Human and animal studies have shown that the gut microbiota composition is different between lean and obese states [3,4,5,6], although this observation has not been consistent across all cohorts [7, 8]. Transplanting the gut microbiota from obese donors to germ-free (GF) mice (i.e., mice living in the absence of any microbial associates) increased fat mass in recipient mice [9, 10], suggesting that the gut microbiota plays a role in the regulation of adiposity. Recent studies have also demonstrated that RYGB is associated with significant changes in the gut microbiota composition and these changes appear to play a role in surgically induced weight loss and metabolic improvements [11]. Colonization of GF mice with the post-RYGB microbiota from human donors has been reported to result in lower fat accumulation and reduced respiratory quotient compared to mice colonized with the microbiota of non-surgical obese controls [12]. In addition, microbiota transfer from a mouse model of RYGB into GF mice resulted in a reduction in body weight and fat mass [13].

Although there are some data to suggest that altered gut microbiota might have a functional impact on weight profile and metabolism after surgery [12, 13], there is a current lack of information on the gut microbiota composition in patients who have experienced insufficient weight loss or weight regain over time. Therefore, using a combined human and murine model in this study, we aimed to explore whether weight change after surgery could be related to the gut microbiota.

Materials and Methods

There were two inter-related phases associated with this study. First, a clinical study was conducted in which three groups of volunteers were recruited, including post-RYGB patients who had sustained weight loss, those who had suboptimal weight loss, and non-surgical controls. This was followed by an animal study, in which a humanized mouse model was generated through colonization with human donor microbiota. Given our limited sample size, in an effort to exclude potential hormonally mediated differences in outcome data, female participants were enrolled and female mice were utilized.

Clinical Study

Participants and Sample Collection

Three groups of female participants (n = 6 per group) were included; two groups of patients who were 2–5 years post-RYGB, one group with successful weight loss (SWL) and the other with poor weight loss (PWL), and a group of non-surgical control (NSC) participants age and BMI matched to the SWL group’s post-surgery weight. Patients were allocated to the SWL group if they had lost and maintained at least 50% excess weight loss (%EWL) and to the PWL group if they had lost < 50% EWL at the time of study enrollment. Pre-surgical weight was ascertained through participant self-report and the enrollment weight was obtained using a Tanita® scale. Participants were excluded from participation if they took antibiotics, prebiotics, or probiotics in the 3 months prior to study enrollment; were currently taking a drug with a known major impact on gastrointestinal transit time; were pregnant or lactating, smoking, or using tobacco in the prior 3 months; had diabetes or a psychotic or bipolar spectrum disorder; or underwent major gastrointestinal surgery aside from a primary obesity and metabolic surgery (RYGB) or commonly performed procedures, such as a cholecystectomy.

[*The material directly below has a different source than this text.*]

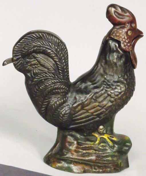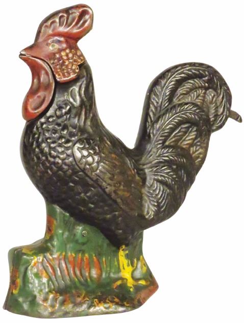 Very Rare Kyser & Rex "Rooster" Cast Iron Mechanical Bank, Ca. 1889. From the Zemenick Collection. Most of the original paint intact. 6 1/4 inches tall.

Participants recorded their dietary intake through the Automated Self-Administered 24-h Recall (ASA24, National Cancer Institute) for three consecutive days. On the third (± 1 day) study day, fecal samples were collected and frozen at − 80 °C.

Animal Study

Mice

Female wild-type C57BL/6 mice between the ages of 9 and 10 weeks were purchased from Charles River Laboratories and allowed to acclimate to the laboratory for at least 1 week prior to the start of the experiment. Mice were individually housed in sterile and disposable microisolator cages and were provided with ad libitum access to irradiated food and sterile water throughout the experiment.

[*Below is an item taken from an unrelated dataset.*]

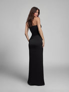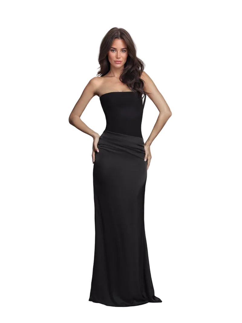 Damska długa sukienka bez ramiączek o dopasowanym kroju
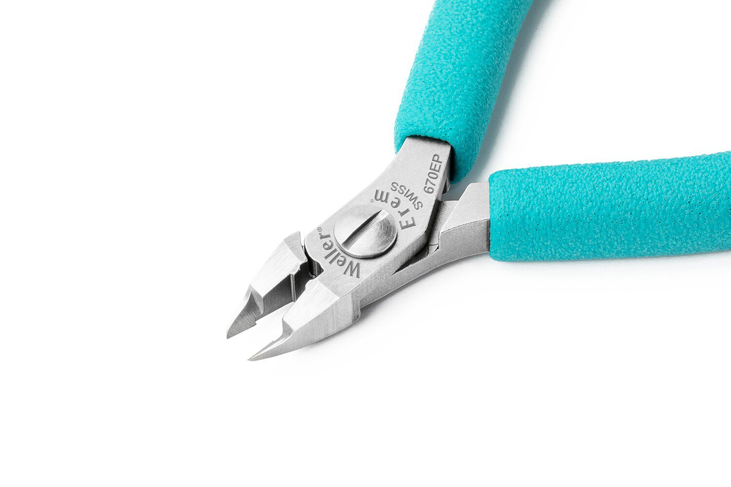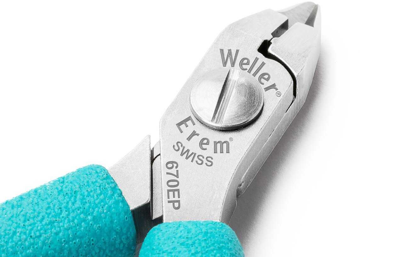 Der perfekte Schnitt - kraftvoll, scharf und langlebig. Immer. Die Weller Erem Serie 600 Micro ist ein Sortiment kleinster Präzisionsschneider mit einer Vielzahl von Kopfformen für den Zugang in schwer zugänglichen Bereichen. Diese Mikroschneider eignen sich für SMD und Leitungen (670EP, 670EPF). Die Schneider werden aus hochwertigem Werkzeugstahl mit auf 63-65 HRc gehärteten Schneidkanten hergestellt. Die Präzisionsschneider haben eine nicht reflektierende Oberfläche, sind ESD-sicher und können nachgeschärft werden.

Antibiotic Treatment and Fecal Transplant

Mice were orally gavaged for a total of 17 days with an antifungal and for 14 days with an antibiotic cocktail in an attempt to sterilize the gastrointestinal tract in preparation for colonization. The previously published protocol by Reikvam and colleagues (2011) was used to determine dosing and duration of the antibiotic and antifungal cocktail, which included amphotericin-B (0.1 mg/ml), vancomycin (5 mg/ml), neomycin (10 mg/ml), and metronidazole (10 mg/ml). Additionally, ampicillin (1 mg/ml) was added to drinking water [14].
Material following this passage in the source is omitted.